Directions
All the lines below should be set down exactly, with no picture carried into the copy.
====== The records
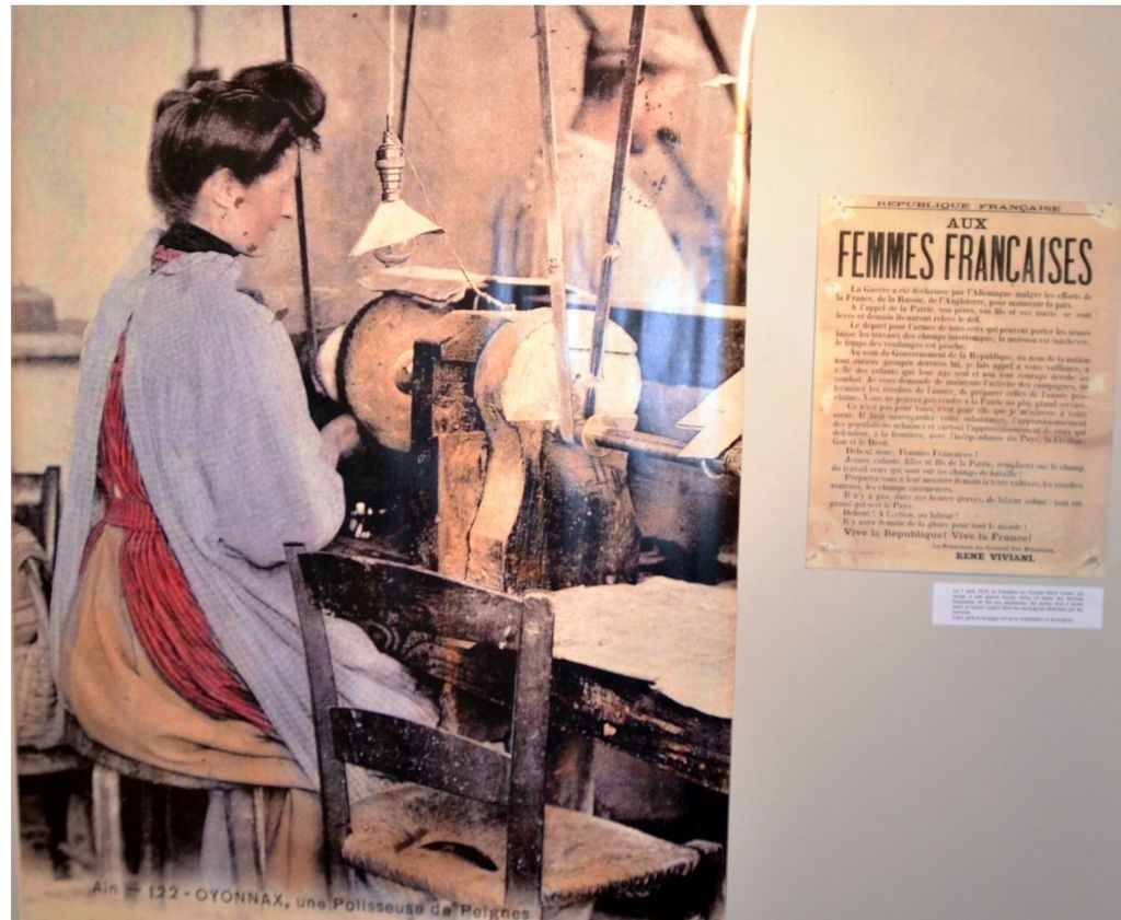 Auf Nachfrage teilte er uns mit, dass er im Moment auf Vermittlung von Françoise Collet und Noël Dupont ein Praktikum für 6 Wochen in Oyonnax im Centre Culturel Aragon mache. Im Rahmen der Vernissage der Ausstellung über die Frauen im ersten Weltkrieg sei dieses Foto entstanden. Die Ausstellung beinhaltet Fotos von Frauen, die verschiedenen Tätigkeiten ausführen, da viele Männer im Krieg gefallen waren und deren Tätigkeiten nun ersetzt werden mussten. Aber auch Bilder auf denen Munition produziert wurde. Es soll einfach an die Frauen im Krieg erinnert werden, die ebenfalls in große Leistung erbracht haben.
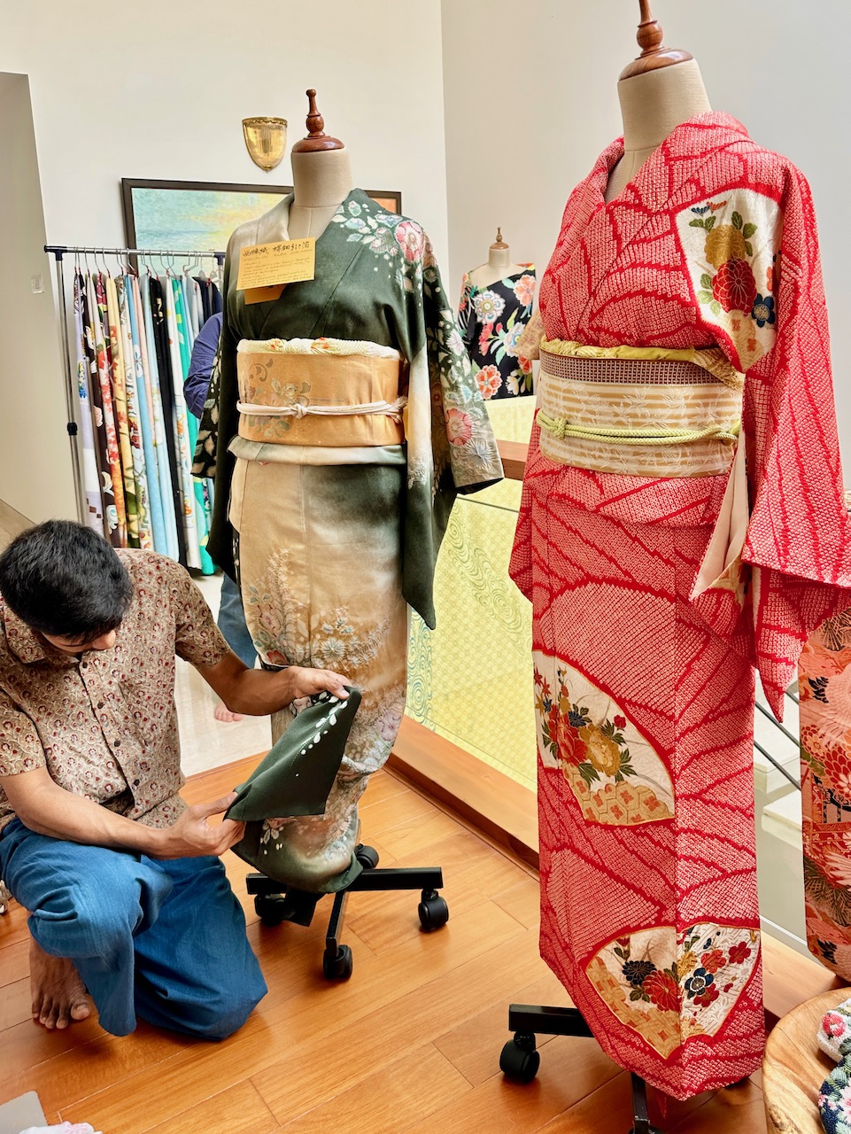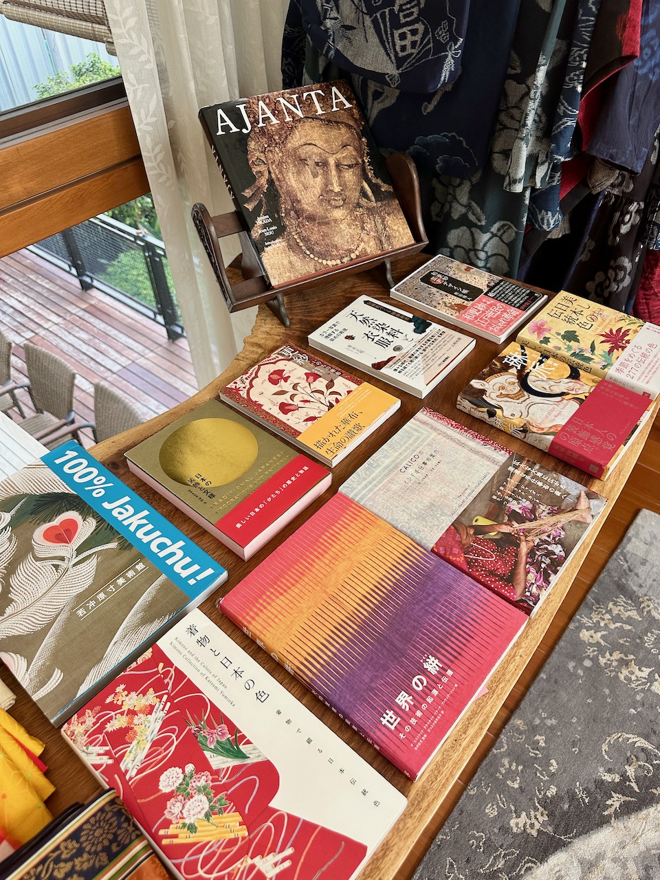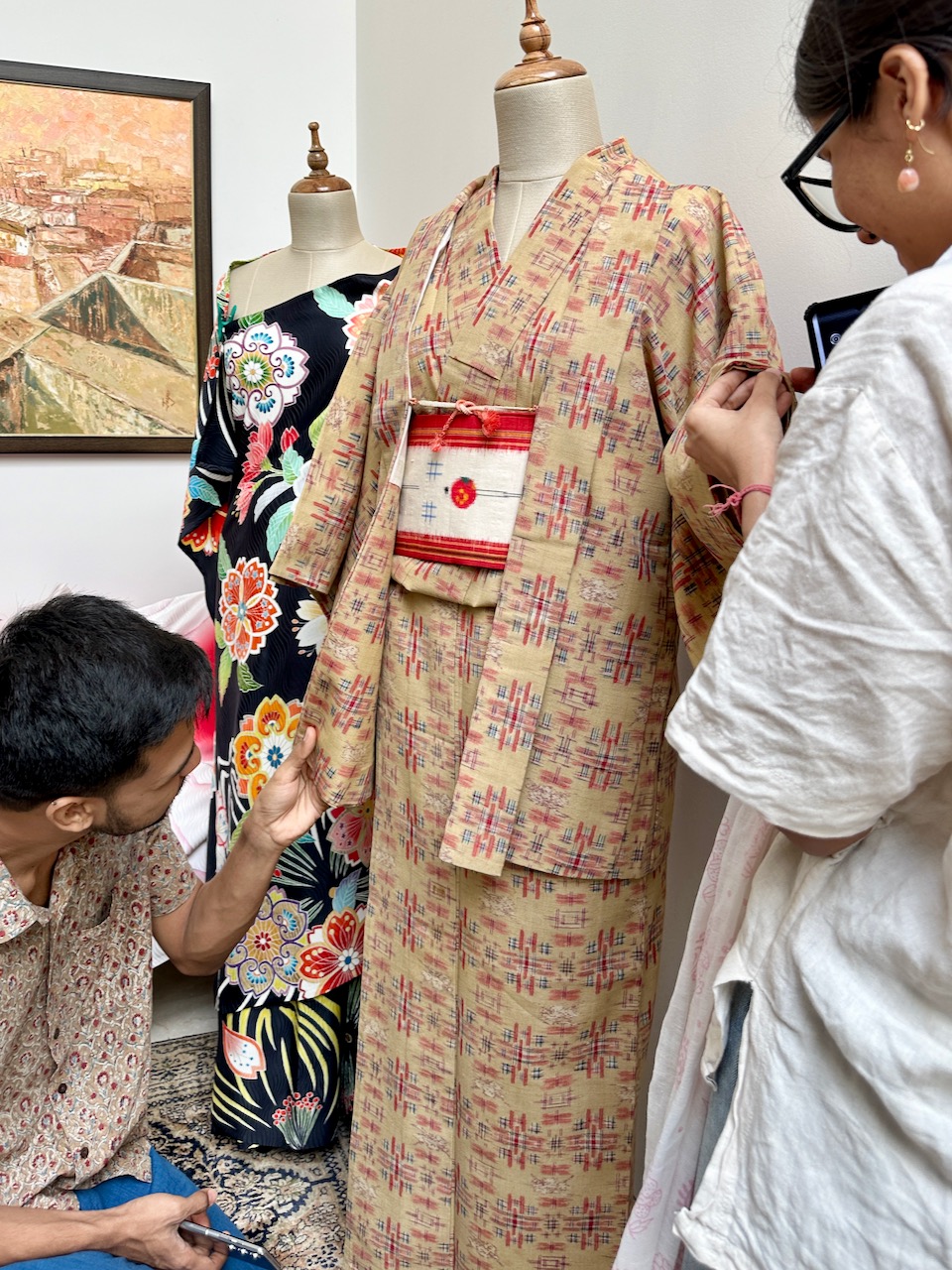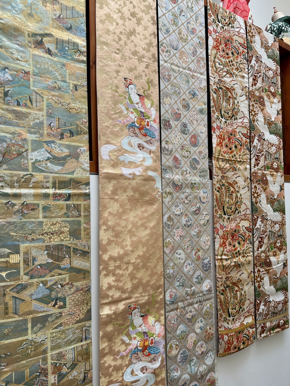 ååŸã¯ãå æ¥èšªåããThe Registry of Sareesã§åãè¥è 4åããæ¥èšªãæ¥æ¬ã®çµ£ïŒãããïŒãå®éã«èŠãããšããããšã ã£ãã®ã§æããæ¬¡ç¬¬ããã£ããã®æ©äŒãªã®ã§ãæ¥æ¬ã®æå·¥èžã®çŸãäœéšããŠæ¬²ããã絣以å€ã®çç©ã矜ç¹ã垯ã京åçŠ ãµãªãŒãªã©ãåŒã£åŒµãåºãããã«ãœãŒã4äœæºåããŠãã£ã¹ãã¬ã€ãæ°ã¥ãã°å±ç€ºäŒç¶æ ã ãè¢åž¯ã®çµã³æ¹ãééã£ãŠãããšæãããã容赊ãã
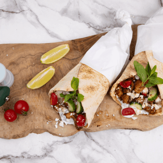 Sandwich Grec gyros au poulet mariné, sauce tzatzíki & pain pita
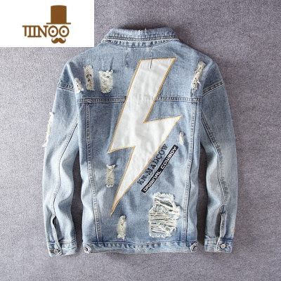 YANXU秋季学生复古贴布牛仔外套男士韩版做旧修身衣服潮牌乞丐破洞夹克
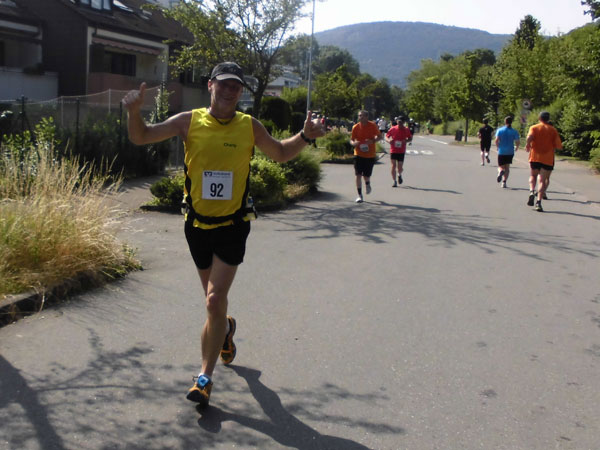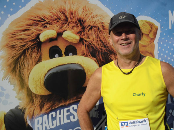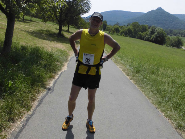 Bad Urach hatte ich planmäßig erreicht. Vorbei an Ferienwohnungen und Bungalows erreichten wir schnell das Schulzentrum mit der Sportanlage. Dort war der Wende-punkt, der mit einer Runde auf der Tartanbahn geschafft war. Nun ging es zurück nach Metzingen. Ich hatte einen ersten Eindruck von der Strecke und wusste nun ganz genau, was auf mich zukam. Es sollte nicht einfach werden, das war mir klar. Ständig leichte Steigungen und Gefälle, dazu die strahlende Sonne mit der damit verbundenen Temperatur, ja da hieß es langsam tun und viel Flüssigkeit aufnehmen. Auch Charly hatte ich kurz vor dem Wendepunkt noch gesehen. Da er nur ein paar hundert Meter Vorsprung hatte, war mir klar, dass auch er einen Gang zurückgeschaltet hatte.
============
Your response
 Auf Nachfrage teilte er uns mit, dass er im Moment auf Vermittlung von Françoise Collet und Noël Dupont ein Praktikum für 6 Wochen in Oyonnax im Centre Culturel Aragon mache. Im Rahmen der Vernissage der Ausstellung über die Frauen im ersten Weltkrieg sei dieses Foto entstanden. Die Ausstellung beinhaltet Fotos von Frauen, die verschiedenen Tätigkeiten ausführen, da viele Männer im Krieg gefallen waren und deren Tätigkeiten nun ersetzt werden mussten. Aber auch Bilder auf denen Munition produziert wurde. Es soll einfach an die Frauen im Krieg erinnert werden, die ebenfalls in große Leistung erbracht haben.
 ååŸã¯ãå æ¥èšªåããThe Registry of Sareesã§åãè¥è 4åããæ¥èšªãæ¥æ¬ã®çµ£ïŒãããïŒãå®éã«èŠãããšããããšã ã£ãã®ã§æããæ¬¡ç¬¬ããã£ããã®æ©äŒãªã®ã§ãæ¥æ¬ã®æå·¥èžã®çŸãäœéšããŠæ¬²ããã絣以å€ã®çç©ã矜ç¹ã垯ã京åçŠ ãµãªãŒãªã©ãåŒã£åŒµãåºãããã«ãœãŒã4äœæºåããŠãã£ã¹ãã¬ã€ãæ°ã¥ãã°å±ç€ºäŒç¶æ ã ãè¢åž¯ã®çµã³æ¹ãééã£ãŠãããšæãããã容赊ãã
 Sandwich Grec gyros au poulet mariné, sauce tzatzíki & pain pita
 YANXU秋季学生复古贴布牛仔外套男士韩版做旧修身衣服潮牌乞丐破洞夹克
 Bad Urach hatte ich planmäßig erreicht. Vorbei an Ferienwohnungen und Bungalows erreichten wir schnell das Schulzentrum mit der Sportanlage. Dort war der Wende-punkt, der mit einer Runde auf der Tartanbahn geschafft war. Nun ging es zurück nach Metzingen. Ich hatte einen ersten Eindruck von der Strecke und wusste nun ganz genau, was auf mich zukam. Es sollte nicht einfach werden, das war mir klar. Ständig leichte Steigungen und Gefälle, dazu die strahlende Sonne mit der damit verbundenen Temperatur, ja da hieß es langsam tun und viel Flüssigkeit aufnehmen. Auch Charly hatte ich kurz vor dem Wendepunkt noch gesehen. Da er nur ein paar hundert Meter Vorsprung hatte, war mir klar, dass auch er einen Gang zurückgeschaltet hatte.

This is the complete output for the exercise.